In this post, Mr Odgers initially declared himself totally at one with THE's intention to "champion the joys and triumphs of higher education".

He then went on to instance such "joys and triumphs" as knowing that our vice-chancellor earns more than the prime minister ("worth every last penny"), that the number of administrators in Poppleton now exceeds that of academics by two to one ("how on earth did we ever manage without so many?") and that all major decisions in the university were now made by an unelected Court of Governors entirely composed of local business people ("who could possibly know more about the intrinsic values of academic life than a local sausage maker?").

In his defence, Mr Odgers claimed that he was doing no more than repeating claims that had already been made by Targett himself. But this argument was rejected by the Irony Sub-Committee on the grounds that the accompanying photograph of Mr Odgers on the site showed a bulge in his left cheek that, in the determination of the committee, was consonant only with the presence of a tongue.

We'll keep a welcome in the budget

Guidelines for dealing with overseas students from non-European Union countries have been issued by our Deputy Head of Overseas Recruitment, Geraldine Transept.

Transept told our reporter, Keith Ponting (30), that although overseas students made a valuable contribution to the economy of the university, this should not mark them out from the rest of the student body.

It is this "unfortunate tendency" that lay behind the recommendation that academic staff should henceforth desist from marking the presence of such students by affixing pound signs to their registered names.

On a more positive note, the guidelines urge academics to increase their "empathy" with "our friends from overseas" by seeking to master their first names and the approximate continent of their origin.

The great escape

Members of our Experimental Psychology Department have expressed dismay at the news of a mass escape of rats from the Animal Laboratory.
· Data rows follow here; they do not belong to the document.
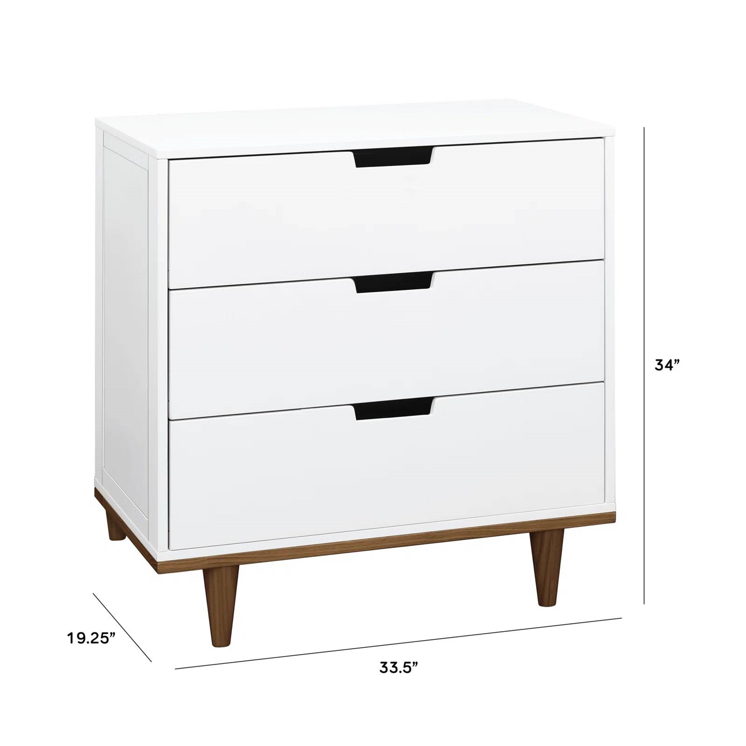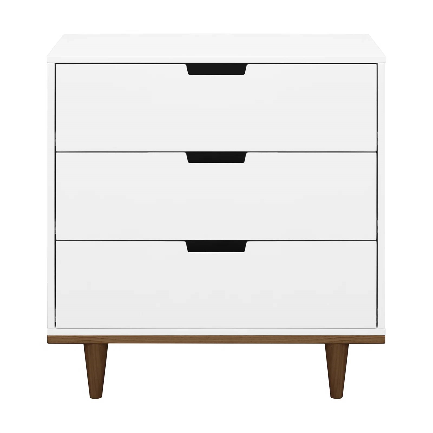 Modern Mid-Century Style 3-Drawer Dresser Chest in White Walnut Wood Finish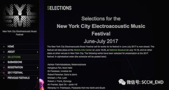 2017年纽约城市电子音乐节,将作为著名的纽约爱乐乐团双年展的一部分于2017年6月5日至7日在美国国家Sawdust音乐厅正式启动,6月13-25日,7月14-16日分两个时段,分别在Abrons艺术中心和国家Sawdust音乐厅举行多场电子音乐作品音乐会。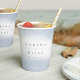 Dieses schicke Hochzeitspapier-Tasse-Design an der Küste passt zu unserer Ebb Tide-Kollektion, mit schieren Aquarellwaschbecken aus staubfreiem Perwinkelblau am oberen und unteren Ende, mit Ihrem eigenen Text in weichem Grau-Schrift.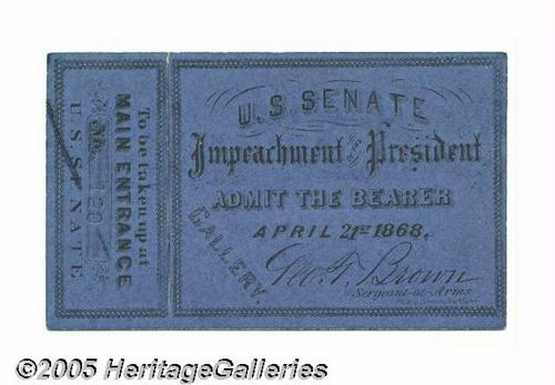 <B>Always-popular Ticket to President Andrew Johnson's 1868 Impeachment Trial</B></I> Original stub still attached, not the case with most examples. This dark blue color is uncommon, as is the stamped-in "120" on the stub, indicating that this was an actually-issued (but not used) ticket. Both sides in great condition. 4.75" x 2.875". Lot:258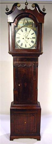 A GEORGE III MAHOGANY TALL CASE CLOCK; Bonnet with scrolled molded pediment, brass finials and arched glazed door opening to a white face painted with rural waterway scene above a circular dial, the waisted case with shell inlaid door and fluted quarter columns, resting on bracket feet, 7'6"h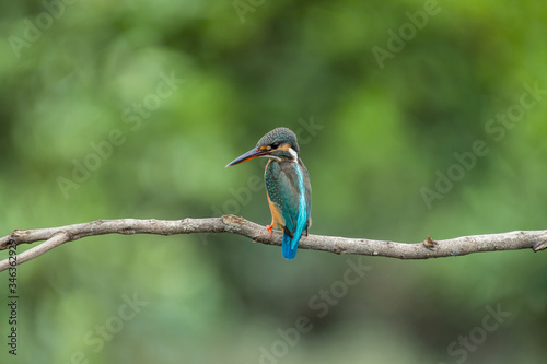 One Beautiful Common Kingfisher (Alcedo atthis) perched and resting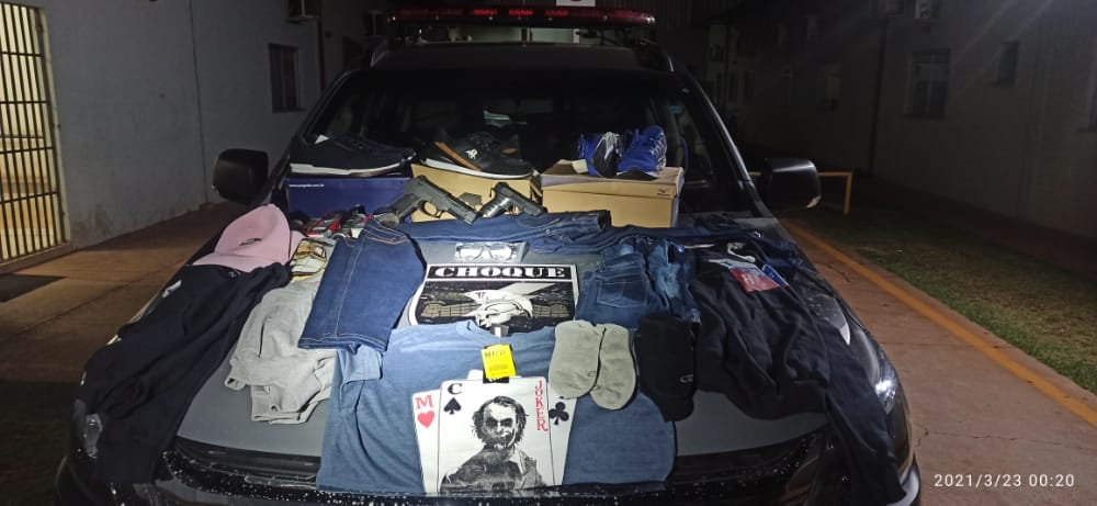 Na casa de Matheus fora encontrado um simulacro de pistola e algumas peças de roupas provenientes do furto ocorrido conforme BO N°549/2021 na data de 14/01/2021 registrado na Depac Centro, na Loja Madona Modas da Avenida Júlio de Castilho. Diante dos fatos os autores foram conduzidos a delegacia.v

A spokesperson for the department, Dr Fritz Itzig, denied claims that the breakout was occasioned by recent economies that had led to a halving of the size of the food pellets delivered to animals who successfully completed their experimental tasks.

He also dismissed as "very foolish" the alternative suggestion that the rats' escape bid had been precipitated by their handlers' repetitive references to the university as "a sinking ship".

Thought for the week

(contributed by Jennifer Doubleday, Head of Personal Development)

"In the advance notice for next week's teambuilding exercise, it was stated that rival teams would be required to show their capacity for teamwork by endeavouring to build a model of the Forth Bridge using no more than the following: two coat hangers, a fir cone, three stamp hinges and a jam jar. Apologies. The list should obviously have also included a broom handle."